═════ EXERCISE DATA

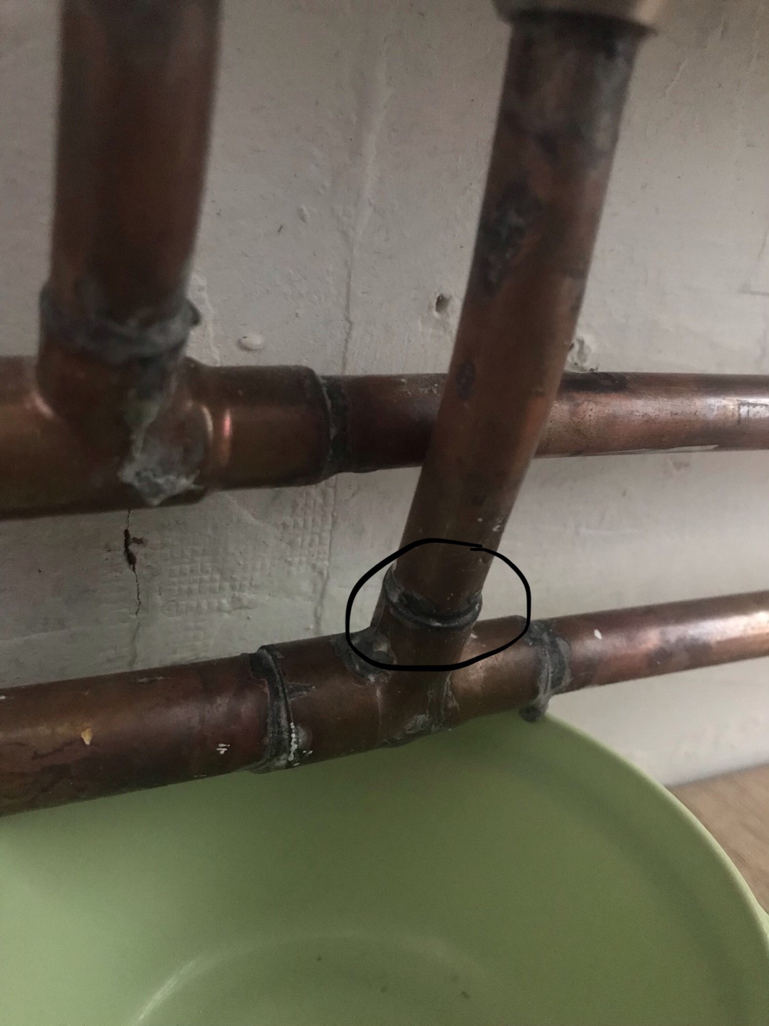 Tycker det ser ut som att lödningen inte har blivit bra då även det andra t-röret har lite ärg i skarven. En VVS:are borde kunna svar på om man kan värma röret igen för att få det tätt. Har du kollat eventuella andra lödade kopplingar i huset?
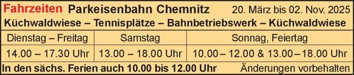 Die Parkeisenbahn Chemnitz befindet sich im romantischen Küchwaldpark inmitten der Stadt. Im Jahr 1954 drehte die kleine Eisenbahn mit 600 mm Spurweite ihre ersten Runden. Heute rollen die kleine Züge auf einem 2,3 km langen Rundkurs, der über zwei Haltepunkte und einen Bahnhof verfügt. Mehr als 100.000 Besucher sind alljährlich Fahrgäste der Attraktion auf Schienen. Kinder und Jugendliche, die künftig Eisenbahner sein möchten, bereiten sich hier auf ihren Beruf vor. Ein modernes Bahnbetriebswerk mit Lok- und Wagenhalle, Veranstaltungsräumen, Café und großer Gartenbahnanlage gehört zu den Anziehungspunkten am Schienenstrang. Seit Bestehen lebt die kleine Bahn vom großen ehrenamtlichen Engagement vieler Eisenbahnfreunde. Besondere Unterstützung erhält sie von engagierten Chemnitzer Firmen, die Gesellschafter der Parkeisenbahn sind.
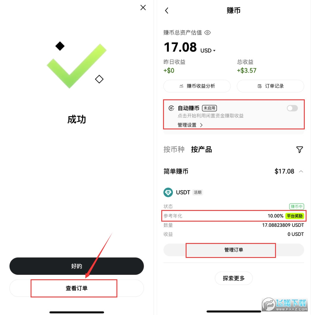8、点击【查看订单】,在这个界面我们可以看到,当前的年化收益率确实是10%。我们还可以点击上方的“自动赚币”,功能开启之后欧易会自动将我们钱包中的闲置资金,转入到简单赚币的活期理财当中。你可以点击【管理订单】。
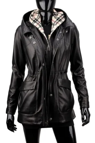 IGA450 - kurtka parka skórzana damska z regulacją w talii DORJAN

══════════

Would you provide an exact, picture-free copy of the data above?

▸ **ANSWER BOX**
 Tycker det ser ut som att lödningen inte har blivit bra då även det andra t-röret har lite ärg i skarven. En VVS:are borde kunna svar på om man kan värma röret igen för att få det tätt. Har du kollat eventuella andra lödade kopplingar i huset?
 Die Parkeisenbahn Chemnitz befindet sich im romantischen Küchwaldpark inmitten der Stadt. Im Jahr 1954 drehte die kleine Eisenbahn mit 600 mm Spurweite ihre ersten Runden. Heute rollen die kleine Züge auf einem 2,3 km langen Rundkurs, der über zwei Haltepunkte und einen Bahnhof verfügt. Mehr als 100.000 Besucher sind alljährlich Fahrgäste der Attraktion auf Schienen. Kinder und Jugendliche, die künftig Eisenbahner sein möchten, bereiten sich hier auf ihren Beruf vor. Ein modernes Bahnbetriebswerk mit Lok- und Wagenhalle, Veranstaltungsräumen, Café und großer Gartenbahnanlage gehört zu den Anziehungspunkten am Schienenstrang. Seit Bestehen lebt die kleine Bahn vom großen ehrenamtlichen Engagement vieler Eisenbahnfreunde. Besondere Unterstützung erhält sie von engagierten Chemnitzer Firmen, die Gesellschafter der Parkeisenbahn sind.
8、点击【查看订单】,在这个界面我们可以看到,当前的年化收益率确实是10%。我们还可以点击上方的“自动赚币”,功能开启之后欧易会自动将我们钱包中的闲置资金,转入到简单赚币的活期理财当中。你可以点击【管理订单】。
 IGA450 - kurtka parka skórzana damska z regulacją w talii DORJAN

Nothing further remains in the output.